Work request |
Write the full listing out again, word for word, but omit the pictures.

Given data |
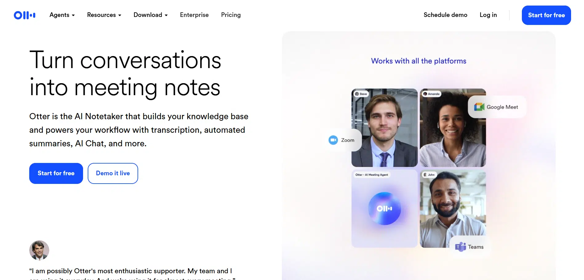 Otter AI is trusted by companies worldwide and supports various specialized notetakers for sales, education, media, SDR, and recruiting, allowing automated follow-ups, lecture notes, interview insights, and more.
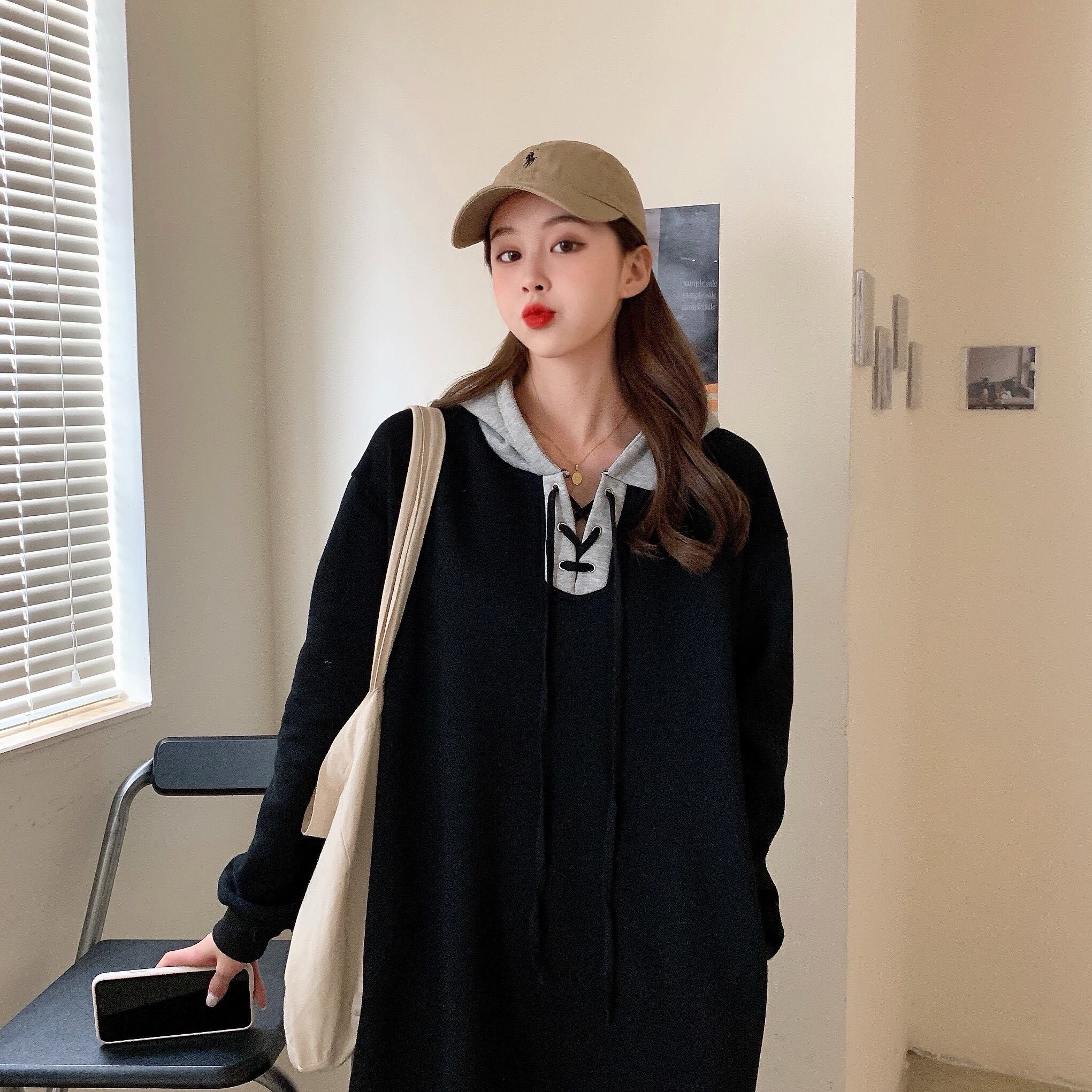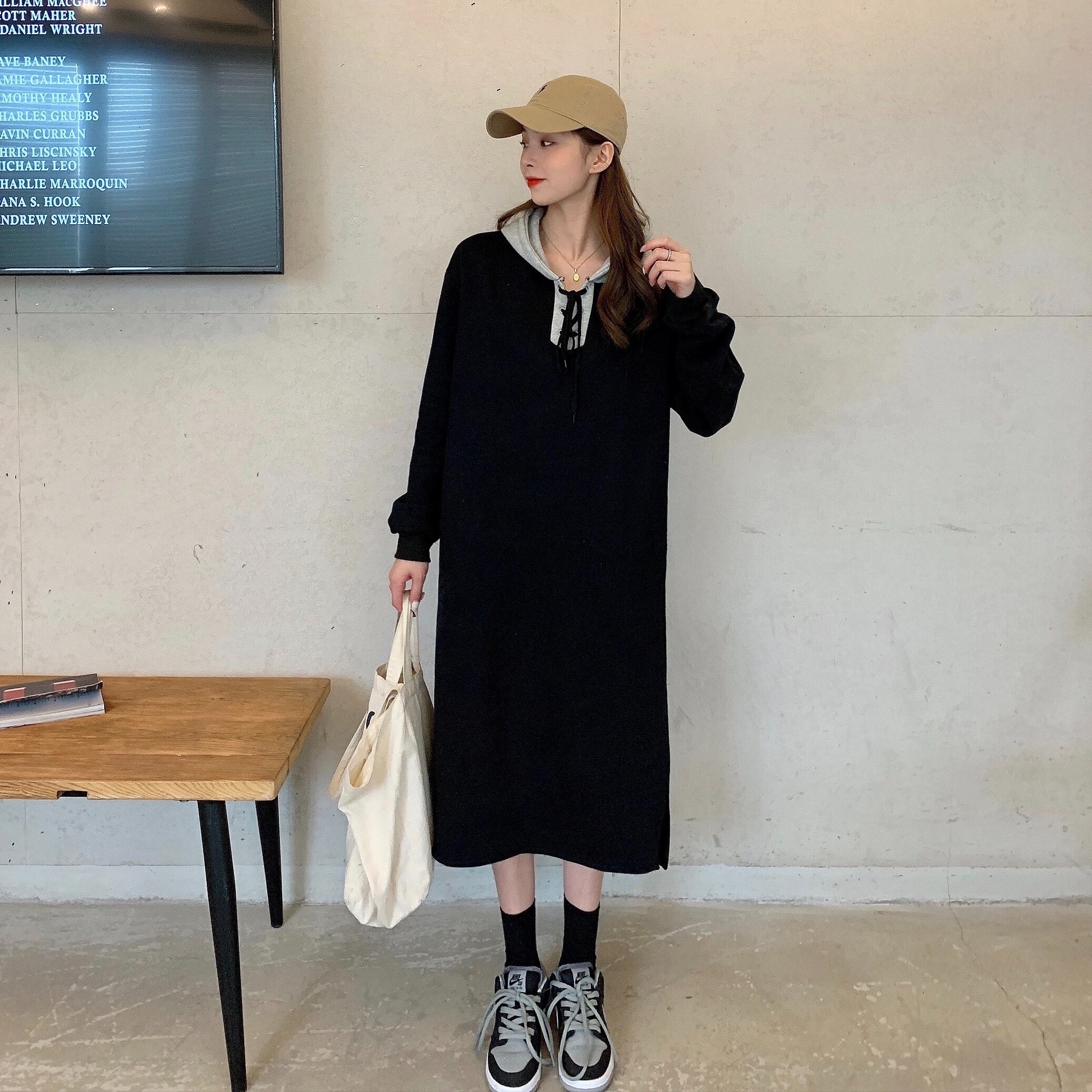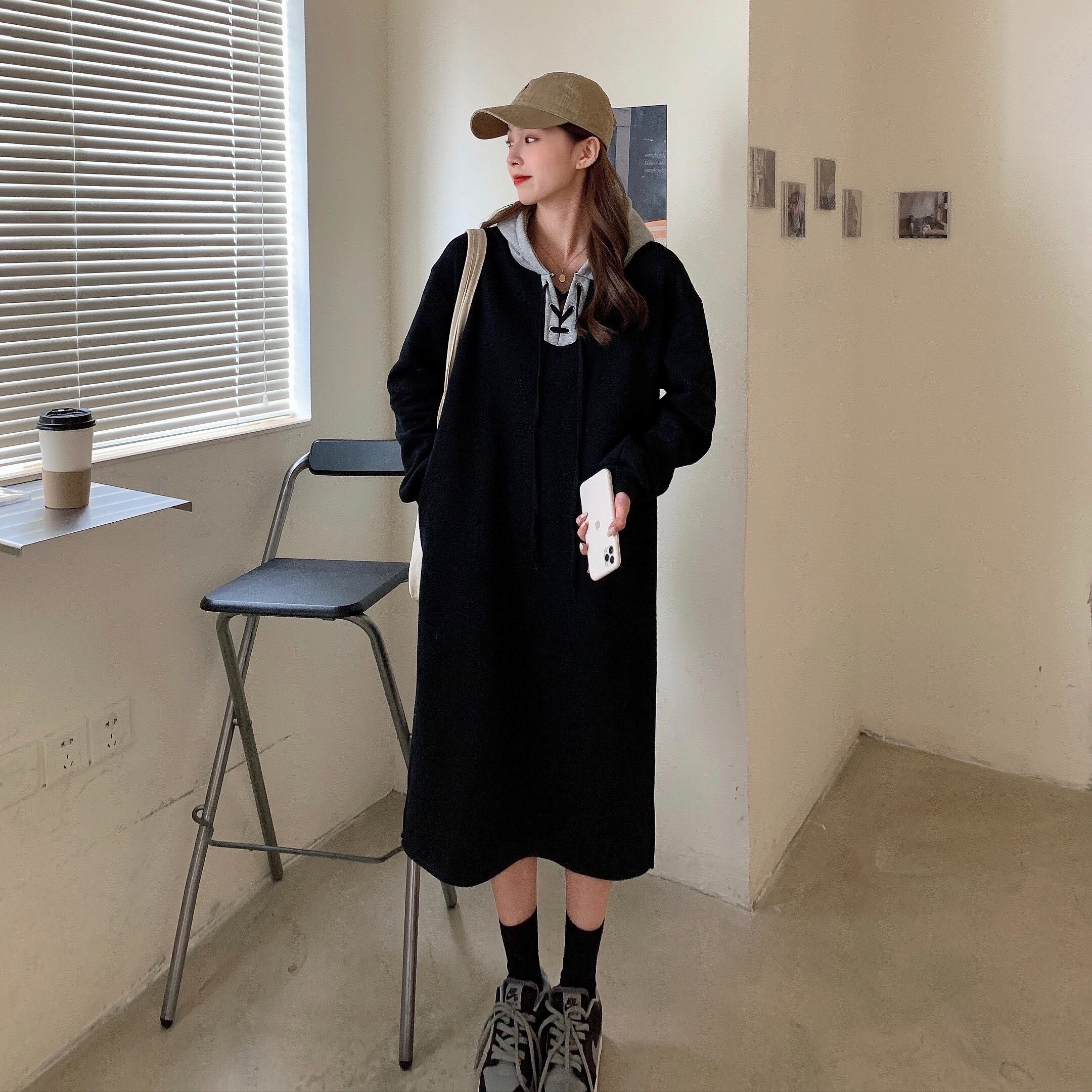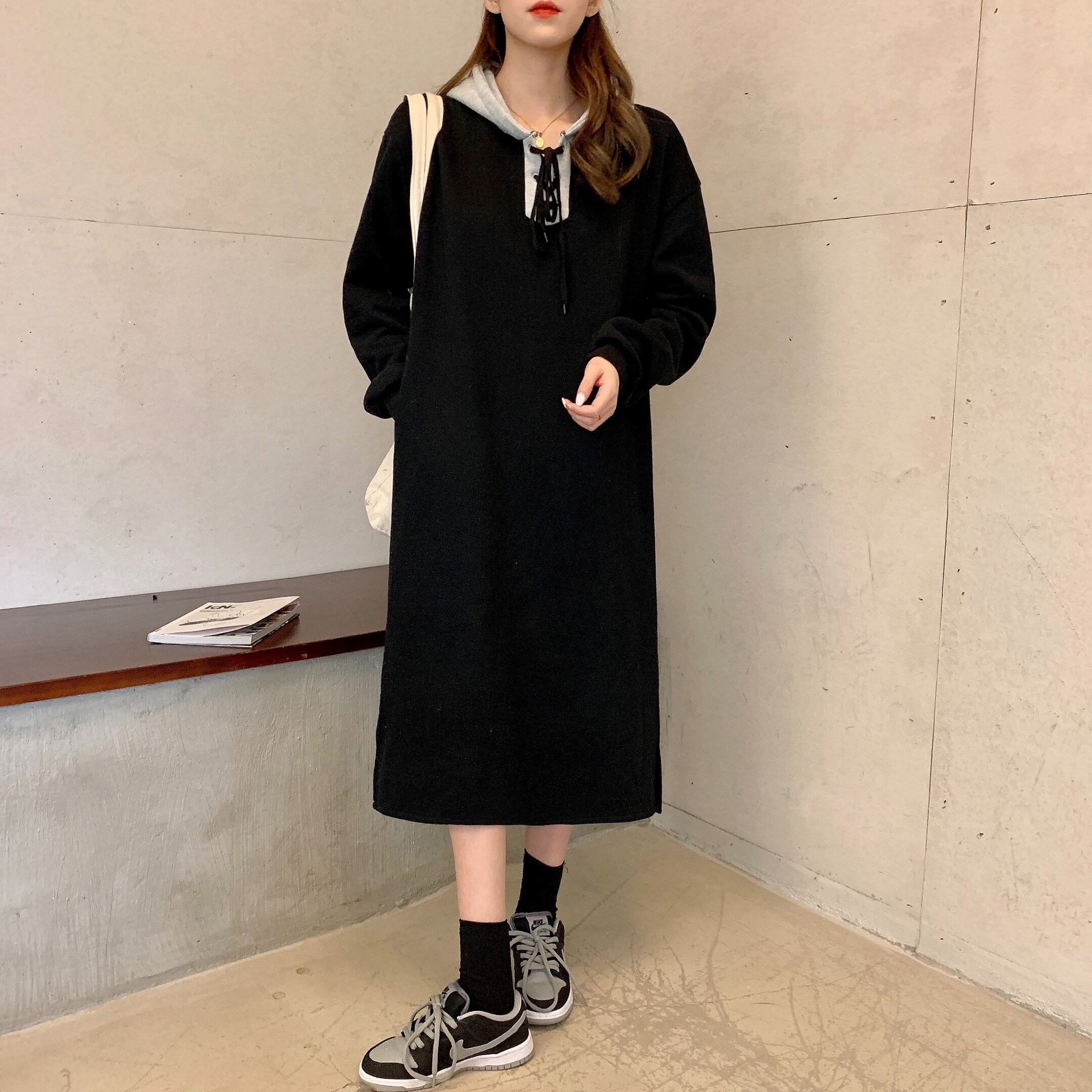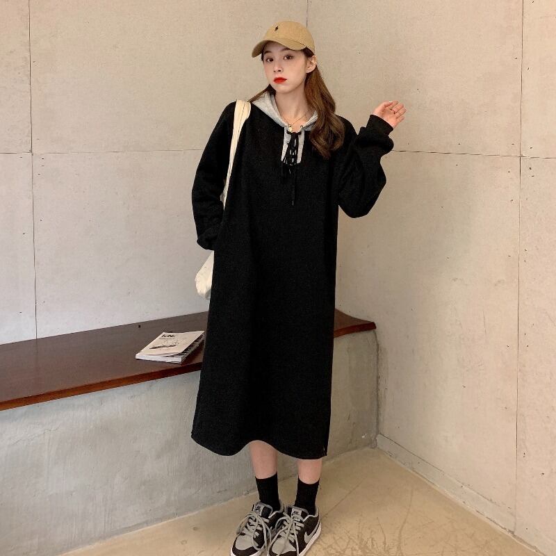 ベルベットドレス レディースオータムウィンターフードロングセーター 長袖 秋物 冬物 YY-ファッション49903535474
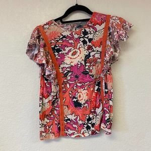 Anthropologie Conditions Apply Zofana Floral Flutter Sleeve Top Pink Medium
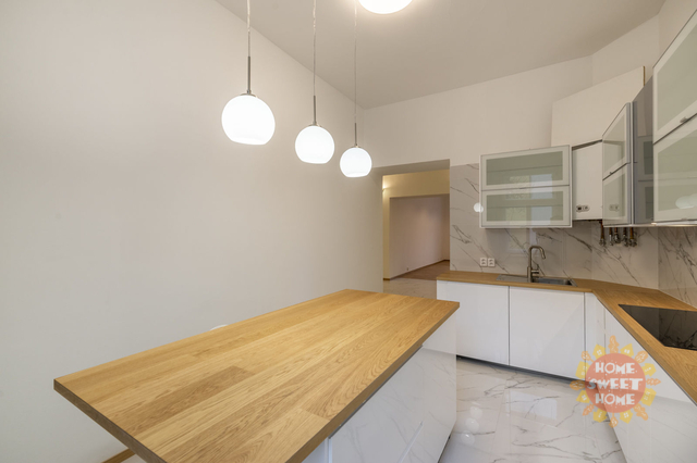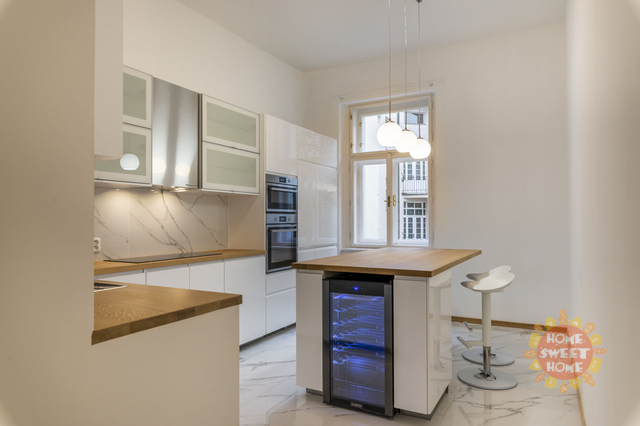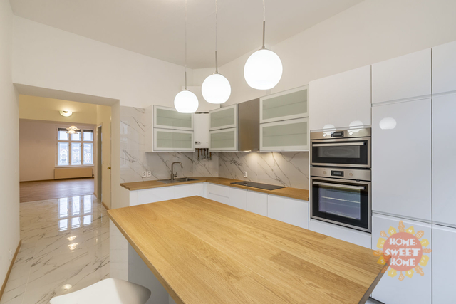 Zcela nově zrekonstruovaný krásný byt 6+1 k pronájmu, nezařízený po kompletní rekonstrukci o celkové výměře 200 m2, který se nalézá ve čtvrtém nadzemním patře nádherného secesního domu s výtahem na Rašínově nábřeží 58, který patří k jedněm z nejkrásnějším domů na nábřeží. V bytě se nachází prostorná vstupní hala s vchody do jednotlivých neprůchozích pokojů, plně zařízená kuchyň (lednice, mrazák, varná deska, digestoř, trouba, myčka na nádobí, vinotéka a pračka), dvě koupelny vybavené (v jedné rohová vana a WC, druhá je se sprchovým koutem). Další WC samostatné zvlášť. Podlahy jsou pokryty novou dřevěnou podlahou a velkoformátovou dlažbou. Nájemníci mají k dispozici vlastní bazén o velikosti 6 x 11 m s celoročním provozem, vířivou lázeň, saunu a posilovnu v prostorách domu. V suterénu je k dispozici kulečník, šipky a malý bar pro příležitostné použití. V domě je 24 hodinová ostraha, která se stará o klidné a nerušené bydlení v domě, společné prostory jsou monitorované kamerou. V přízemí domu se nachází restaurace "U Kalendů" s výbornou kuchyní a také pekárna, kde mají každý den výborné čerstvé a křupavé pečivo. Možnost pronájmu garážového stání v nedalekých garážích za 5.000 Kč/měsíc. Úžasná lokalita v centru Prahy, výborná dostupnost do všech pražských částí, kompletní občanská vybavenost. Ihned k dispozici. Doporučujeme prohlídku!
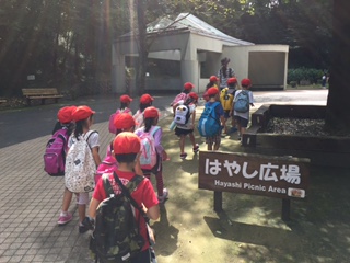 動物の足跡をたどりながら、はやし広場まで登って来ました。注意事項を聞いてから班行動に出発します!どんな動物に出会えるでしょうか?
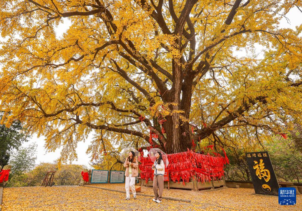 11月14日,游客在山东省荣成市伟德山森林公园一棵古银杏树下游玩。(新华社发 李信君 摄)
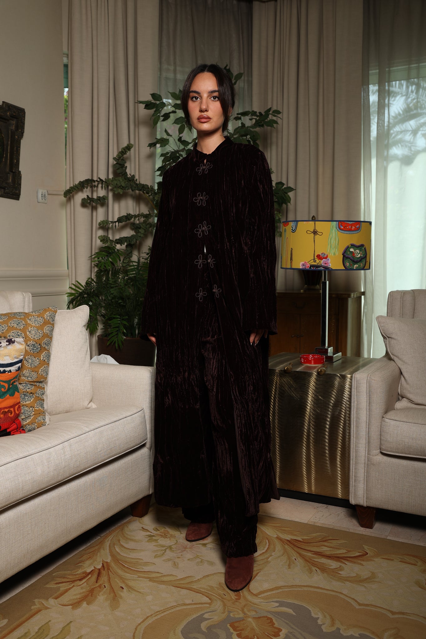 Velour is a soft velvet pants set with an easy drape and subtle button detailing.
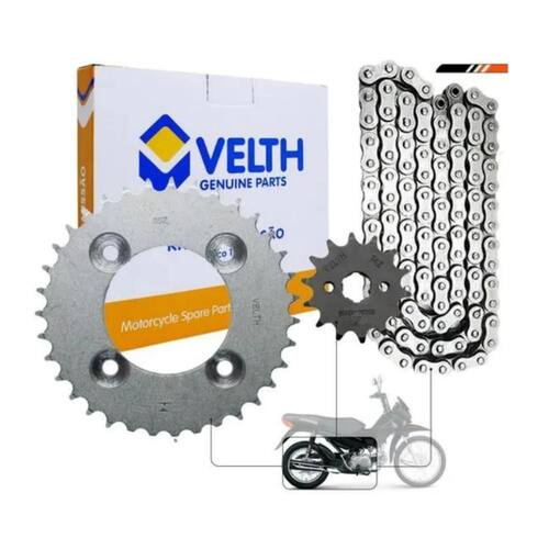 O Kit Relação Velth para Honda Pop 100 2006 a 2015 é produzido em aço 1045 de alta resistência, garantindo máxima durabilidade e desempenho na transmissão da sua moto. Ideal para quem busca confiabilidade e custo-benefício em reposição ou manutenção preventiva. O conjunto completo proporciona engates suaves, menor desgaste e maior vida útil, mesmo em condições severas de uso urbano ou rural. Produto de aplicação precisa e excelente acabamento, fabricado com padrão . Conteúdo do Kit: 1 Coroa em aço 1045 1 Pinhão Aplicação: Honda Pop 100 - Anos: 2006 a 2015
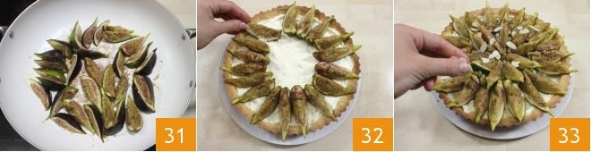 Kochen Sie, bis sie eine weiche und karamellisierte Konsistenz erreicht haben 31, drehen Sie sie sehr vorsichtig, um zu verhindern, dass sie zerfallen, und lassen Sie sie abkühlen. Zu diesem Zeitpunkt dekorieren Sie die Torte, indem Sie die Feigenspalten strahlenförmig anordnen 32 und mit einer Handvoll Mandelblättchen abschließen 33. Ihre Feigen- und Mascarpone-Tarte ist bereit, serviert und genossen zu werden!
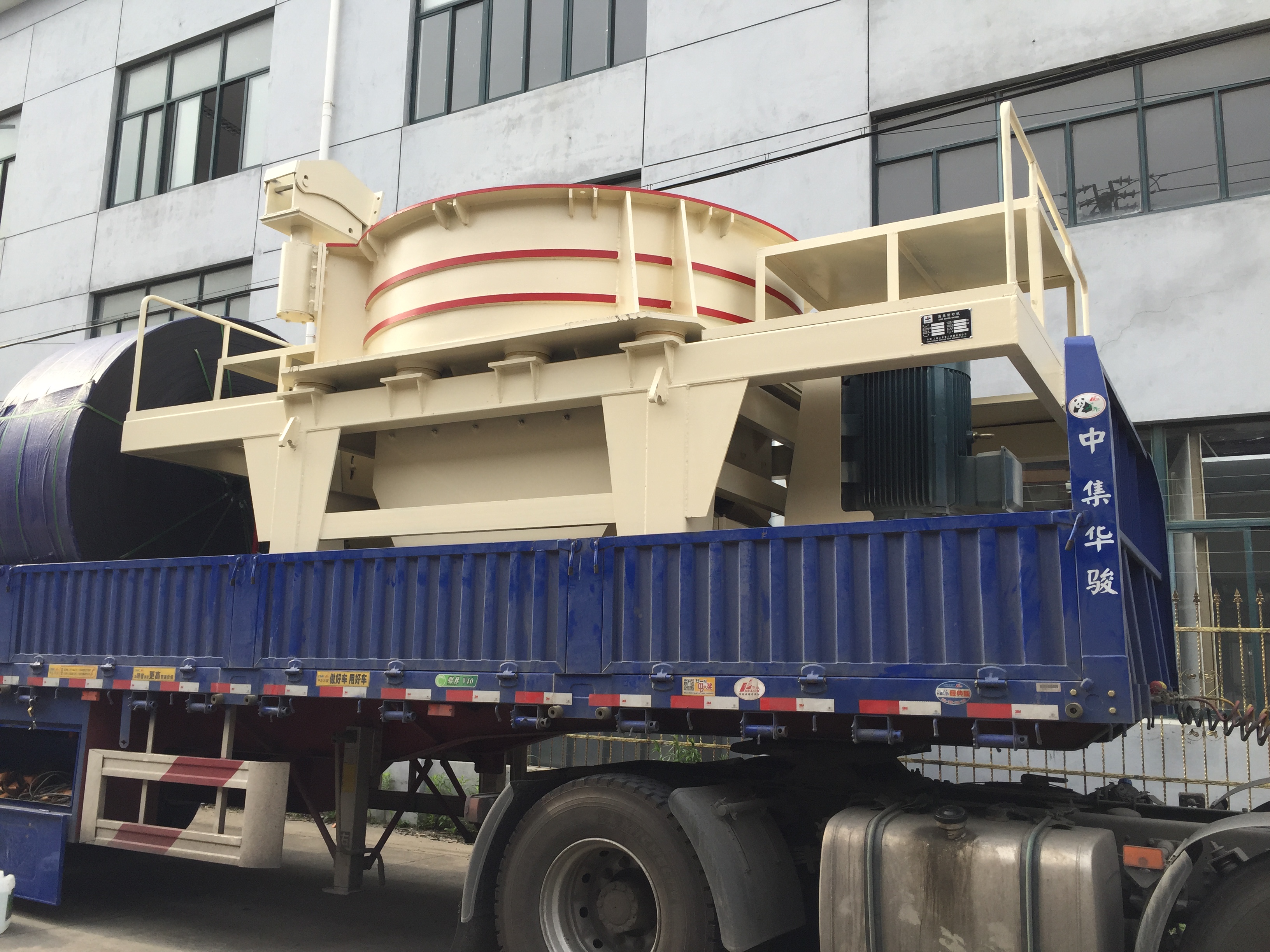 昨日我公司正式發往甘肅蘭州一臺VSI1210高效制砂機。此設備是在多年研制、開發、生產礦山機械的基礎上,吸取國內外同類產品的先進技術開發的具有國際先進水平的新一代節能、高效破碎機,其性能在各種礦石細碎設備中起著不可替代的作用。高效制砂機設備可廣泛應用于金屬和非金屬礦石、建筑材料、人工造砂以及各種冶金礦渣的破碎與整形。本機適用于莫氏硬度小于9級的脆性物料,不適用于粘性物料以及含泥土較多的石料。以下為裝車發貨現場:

Problem solution |
 Otter AI is trusted by companies worldwide and supports various specialized notetakers for sales, education, media, SDR, and recruiting, allowing automated follow-ups, lecture notes, interview insights, and more.
 ベルベットドレス レディースオータムウィンターフードロングセーター 長袖 秋物 冬物 YY-ファッション49903535474
 Anthropologie Conditions Apply Zofana Floral Flutter Sleeve Top Pink Medium
 Zcela nově zrekonstruovaný krásný byt 6+1 k pronájmu, nezařízený po kompletní rekonstrukci o celkové výměře 200 m2, který se nalézá ve čtvrtém nadzemním patře nádherného secesního domu s výtahem na Rašínově nábřeží 58, který patří k jedněm z nejkrásnějším domů na nábřeží. V bytě se nachází prostorná vstupní hala s vchody do jednotlivých neprůchozích pokojů, plně zařízená kuchyň (lednice, mrazák, varná deska, digestoř, trouba, myčka na nádobí, vinotéka a pračka), dvě koupelny vybavené (v jedné rohová vana a WC, druhá je se sprchovým koutem). Další WC samostatné zvlášť. Podlahy jsou pokryty novou dřevěnou podlahou a velkoformátovou dlažbou. Nájemníci mají k dispozici vlastní bazén o velikosti 6 x 11 m s celoročním provozem, vířivou lázeň, saunu a posilovnu v prostorách domu. V suterénu je k dispozici kulečník, šipky a malý bar pro příležitostné použití. V domě je 24 hodinová ostraha, která se stará o klidné a nerušené bydlení v domě, společné prostory jsou monitorované kamerou. V přízemí domu se nachází restaurace "U Kalendů" s výbornou kuchyní a také pekárna, kde mají každý den výborné čerstvé a křupavé pečivo. Možnost pronájmu garážového stání v nedalekých garážích za 5.000 Kč/měsíc. Úžasná lokalita v centru Prahy, výborná dostupnost do všech pražských částí, kompletní občanská vybavenost. Ihned k dispozici. Doporučujeme prohlídku!
 動物の足跡をたどりながら、はやし広場まで登って来ました。注意事項を聞いてから班行動に出発します!どんな動物に出会えるでしょうか?
 11月14日,游客在山东省荣成市伟德山森林公园一棵古银杏树下游玩。(新华社发 李信君 摄)
 Velour is a soft velvet pants set with an easy drape and subtle button detailing.
 O Kit Relação Velth para Honda Pop 100 2006 a 2015 é produzido em aço 1045 de alta resistência, garantindo máxima durabilidade e desempenho na transmissão da sua moto. Ideal para quem busca confiabilidade e custo-benefício em reposição ou manutenção preventiva. O conjunto completo proporciona engates suaves, menor desgaste e maior vida útil, mesmo em condições severas de uso urbano ou rural. Produto de aplicação precisa e excelente acabamento, fabricado com padrão . Conteúdo do Kit: 1 Coroa em aço 1045 1 Pinhão Aplicação: Honda Pop 100 - Anos: 2006 a 2015
 Kochen Sie, bis sie eine weiche und karamellisierte Konsistenz erreicht haben 31, drehen Sie sie sehr vorsichtig, um zu verhindern, dass sie zerfallen, und lassen Sie sie abkühlen. Zu diesem Zeitpunkt dekorieren Sie die Torte, indem Sie die Feigenspalten strahlenförmig anordnen 32 und mit einer Handvoll Mandelblättchen abschließen 33. Ihre Feigen- und Mascarpone-Tarte ist bereit, serviert und genossen zu werden!
 昨日我公司正式發往甘肅蘭州一臺VSI1210高效制砂機。此設備是在多年研制、開發、生產礦山機械的基礎上,吸取國內外同類產品的先進技術開發的具有國際先進水平的新一代節能、高效破碎機,其性能在各種礦石細碎設備中起著不可替代的作用。高效制砂機設備可廣泛應用于金屬和非金屬礦石、建筑材料、人工造砂以及各種冶金礦渣的破碎與整形。本機適用于莫氏硬度小于9級的脆性物料,不適用于粘性物料以及含泥土較多的石料。以下為裝車發貨現場:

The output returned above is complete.